No point comparing statistics from the broader market between asset classes. When you invest in shares you invest in one or a few. You don’t invest in the whole market (unless you invest in an index fund, even then that’s not the whole market). When you invest in property you invest in one or a few. You don’t invest in the whole market.
Therefore your personal experiences in either shares or property will reflect the particular investment decisions that you made at the time.
You can pull out statistics to support any theory that “shares” or “property” performs better than the other, but at the end of the day you don’t invest in “shares” or “property” over a generic timeframe, you invest in BHP, or AMP or whatever, and you invest in 17 XYZ Lane Cityville NSW 2049 or whatever property, so your returns will be related to that particular investment over the time period that you hold it for.
The returns from “shares” between 1910 and 1965 have nothing to do with YOUR returns from holding BHP between the dates of 17/06/2002 and 19/08/2004.
The returns from “property” between 1982 and 2003 have nothing to do with YOUR returns from buying 17 XYZ Lane Cityville NSW 2049 on 23/07/1992 and selling it on 02/03/1997.
So let’s hear what people invested in specifically, and how they did with it, rather than some vague statistics on “shares” or “property”.
whats the point of knowing specifically what someone made out of XYZ Street Cityville when i can never buy it?
someone can tell me they made 100% out of AMP shares and i can go buy some on the market if i feel like it.
youre not comparing apples with apples. no matter what someone tells me their property has grown by, i can never buy that specific property.
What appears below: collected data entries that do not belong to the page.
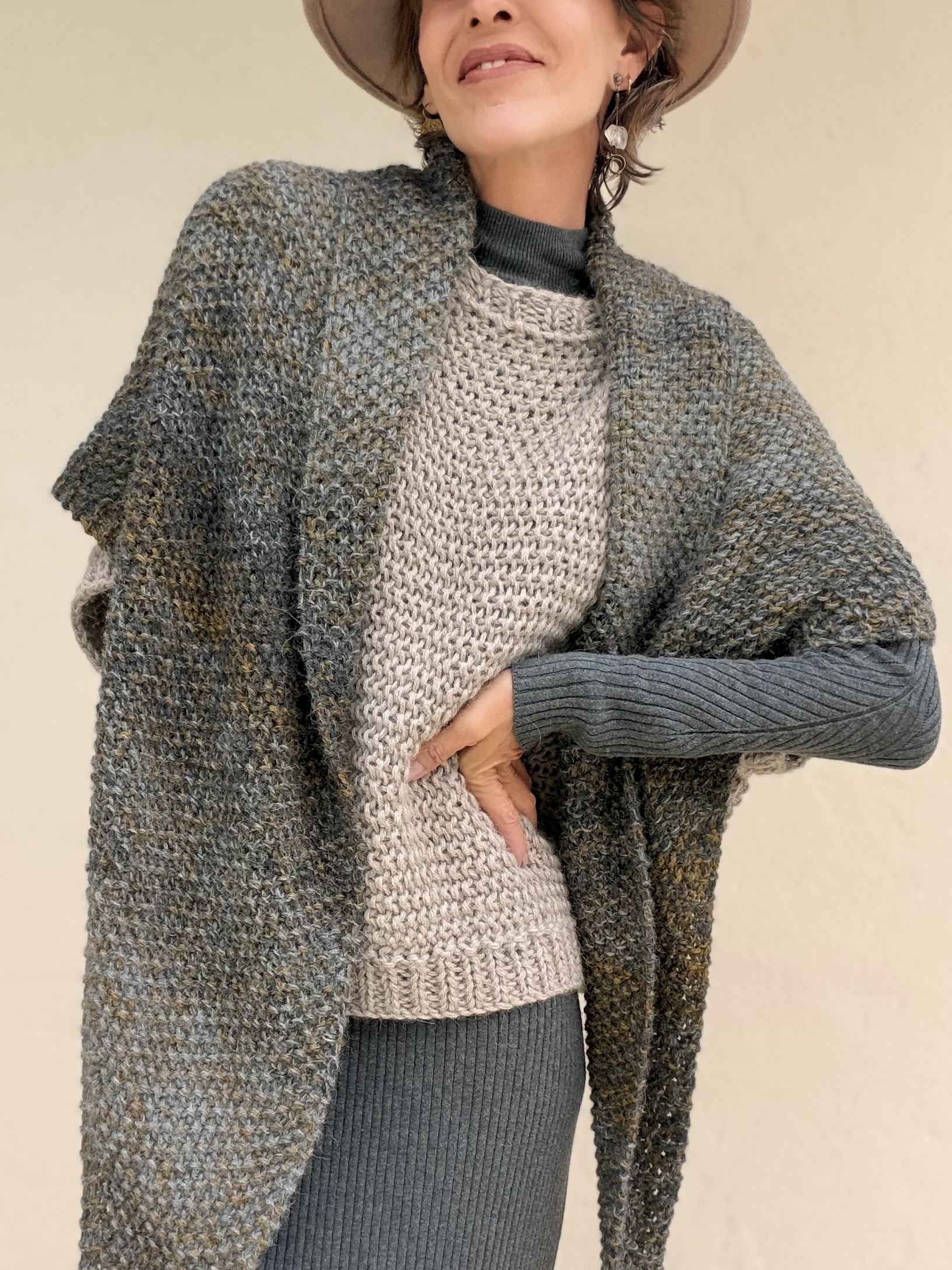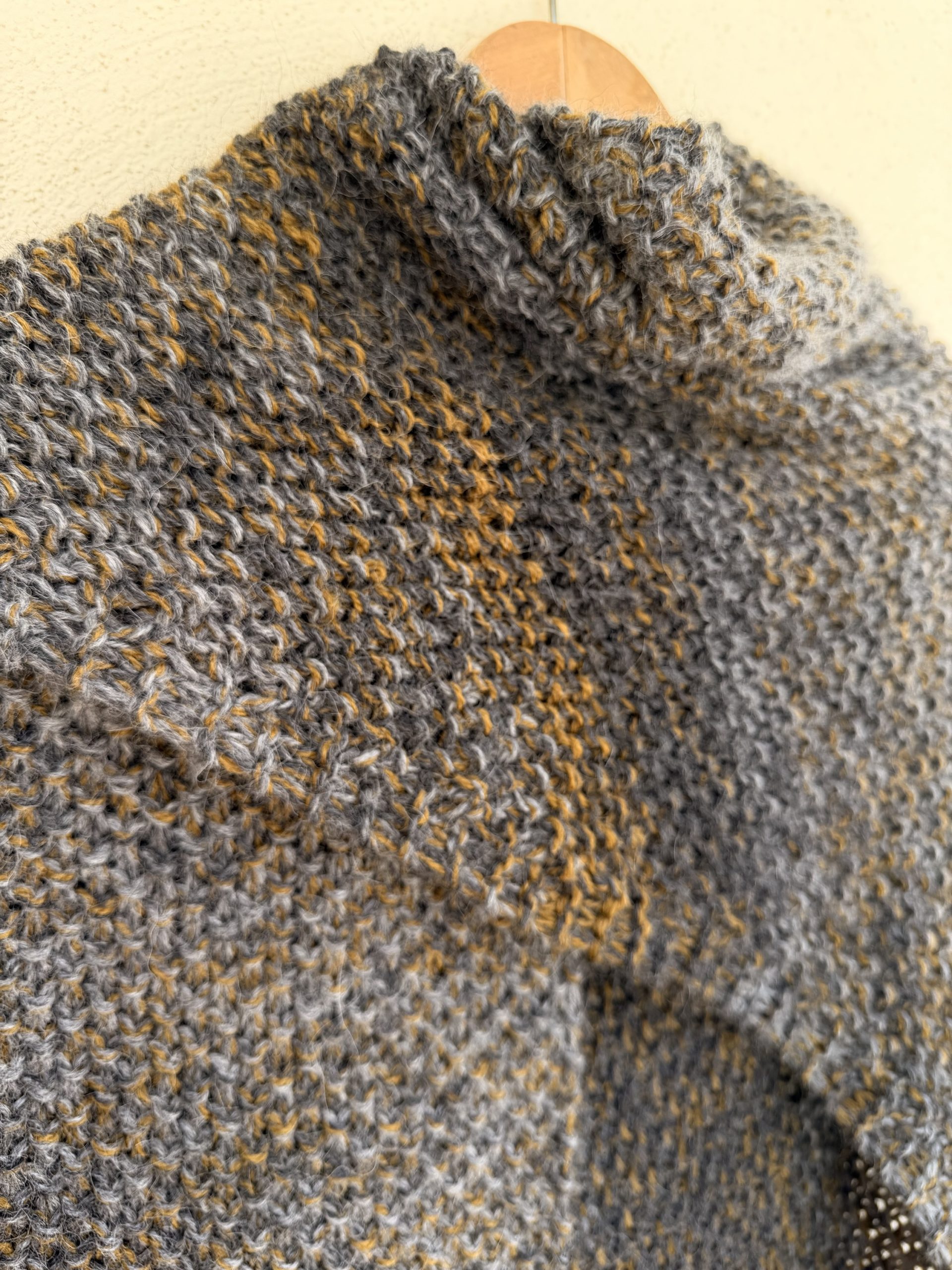 The mixture of gray tones with subtle bronze shades creates a very special marbled effect that adds depth and character to the piece. Its hand-knitted texture enhances the charm of a garment made with time and dedication.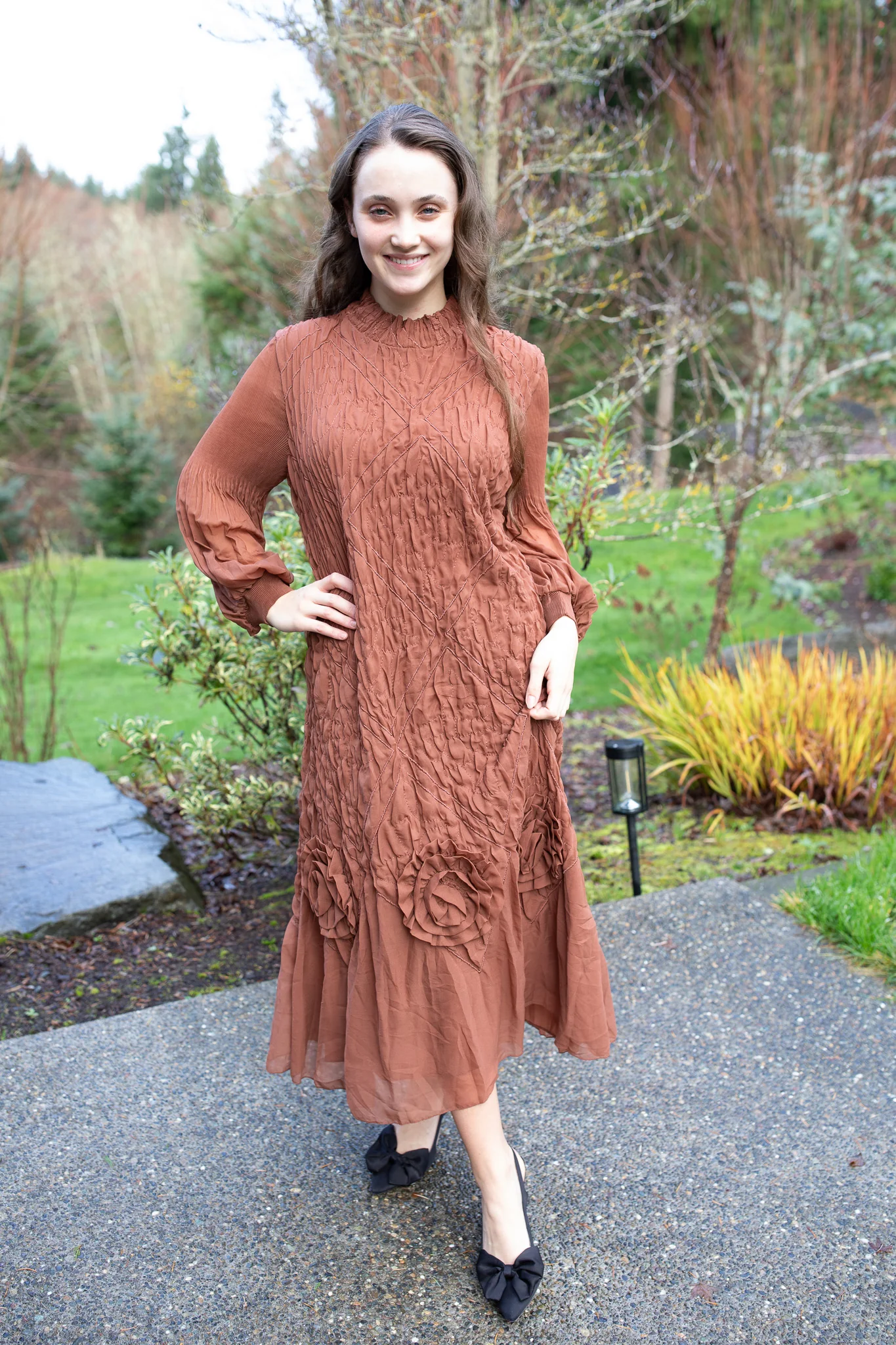 Elegant, embroidered, and effortlessly statement-making — this one-size dress is a true showstopper. Designed with the same luxurious textured embroidery you loved, this version features three stunning dimensional roses along the hem for an extra touch of romance. The silhouette flows beautifully with plenty of room and movement, making it comfortable while still incredibly elevated. A soft lining ensures smooth wear, while the lightweight sheer outer layer creates a dreamy, ethereal drape. This one-size style fits beautifully through a few sizes — but as always, please check the measurements to ensure the perfect fit. A standout piece for holidays, special events, and every moment you want to feel unforgettable.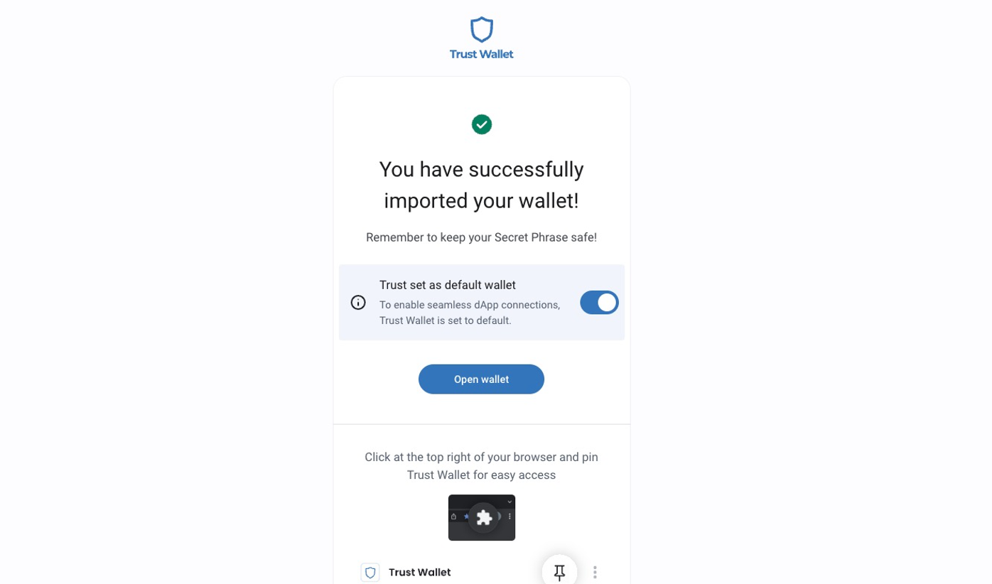 Click **"Open wallet"** to continue using the wallet.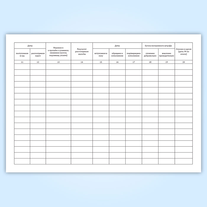 Журнал учета судебных штрафов, налагаемых по гражданским, административным делам (форма № 14)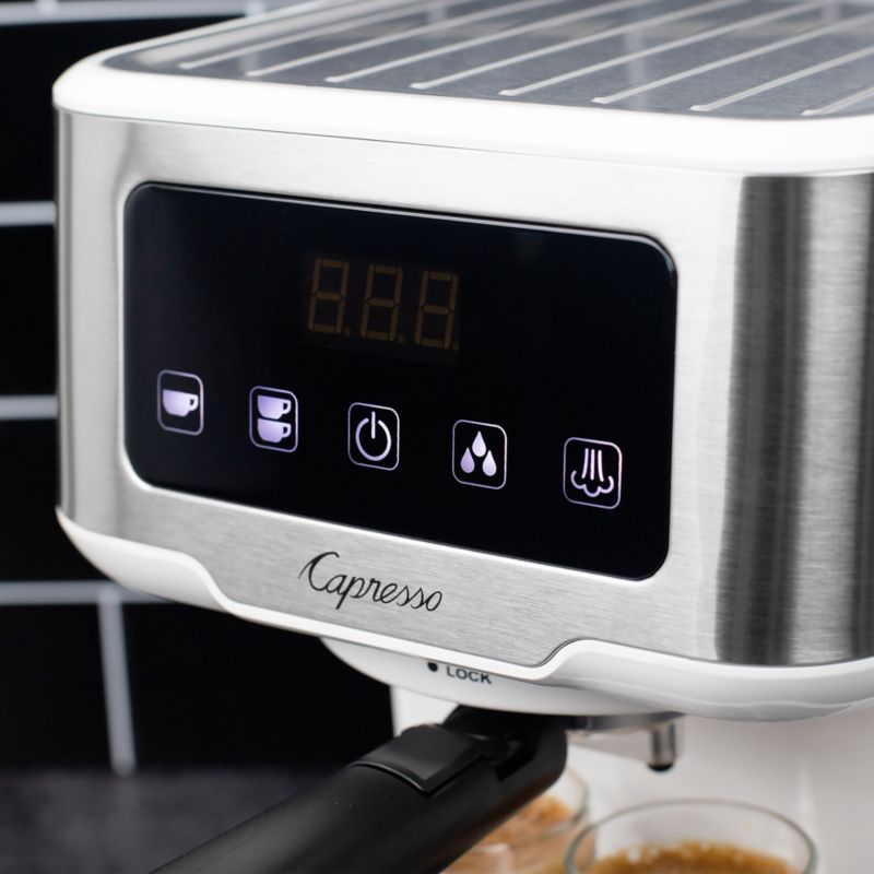 Capresso Cafe TS Touchscreen White Espresso Machine + Reviews Crate & Barrel Capresso Cafe Espresso Machine With Touchscreen Display Intuitive touchscreen interface comes with four preset buttons for brewing espresso (single or double) for steaming milk for a flawlessly. It's touchscreen panel is simple to program and operate. The cafe ts touchscreen espresso machine is equipped with all the essential features for making a perfect cup of espresso. Intuitive touchscreen interface comes with four preset. Includes espresso machine, coffee. Capresso Cafe Espresso Machine With Touchscreen Display.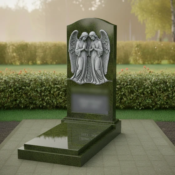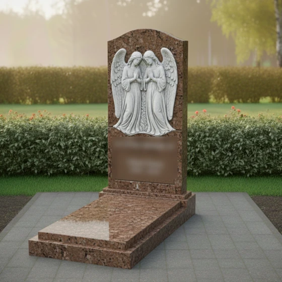 Кому подойдет: Данная модель является универсальным воплощением нежности и защиты. Благодаря присутствию ангелов-хранителей, памятник чаще всего выбирают для оформления женских захоронений — для матери, супруги, дочери или сестры. Фигуры молящихся ангелов символизируют вечное заступничество и покой души. В светлом исполнении (Мансуровский гранит или мрамор Тассо) мемориал выглядит особенно трогательно, олицетворяя чистоту и светлую память, в то время как темные виды гранита подчеркивают торжественность и величие момента прощания.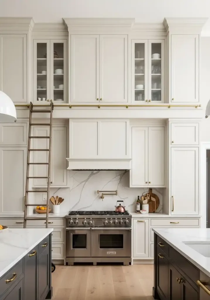 The rolling library ladder on a brass track is the practical and aesthetic device that transforms the floor-to-ceiling kitchen cabinet from a beautiful but partially inaccessible storage system into a completely functional, completely accessible, and genuinely charming kitchen feature of extraordinary character — because the library ladder solves the practical problem of reaching the highest cabinets with elegance and warmth, referencing the most beautiful private libraries and the most distinguished public reading rooms with a domestic warmth and a quality of intellectual romance that makes the kitchen feel like the home of someone genuinely serious about both cooking and beautiful things. The ladder is the detail that makes the full-height kitchen magnificent rather than merely practical.

what utter rubbish your suggestion is that statistics are vague. statistics are facts, not like some unrealistic valuations a real estate agent gives when trying to flog a property. the beauty of the stockmarket is you know exactly what you are going to pay (or receive) when buying or selling shares.
think of it like this, if you buy into a small commercial property, that property can only be profitable and increase in value if the business going on inside the 4 walls is profitable. it is those businesses that we purchase on the stockmarket.
Chipper, I think you’ve missed my point totally. Don’t call my opinion rubbish. It’s not. I am not an idiot. I have worked hard all my life and I am educated and I listen to other people and learn what I can from them. So watch your language.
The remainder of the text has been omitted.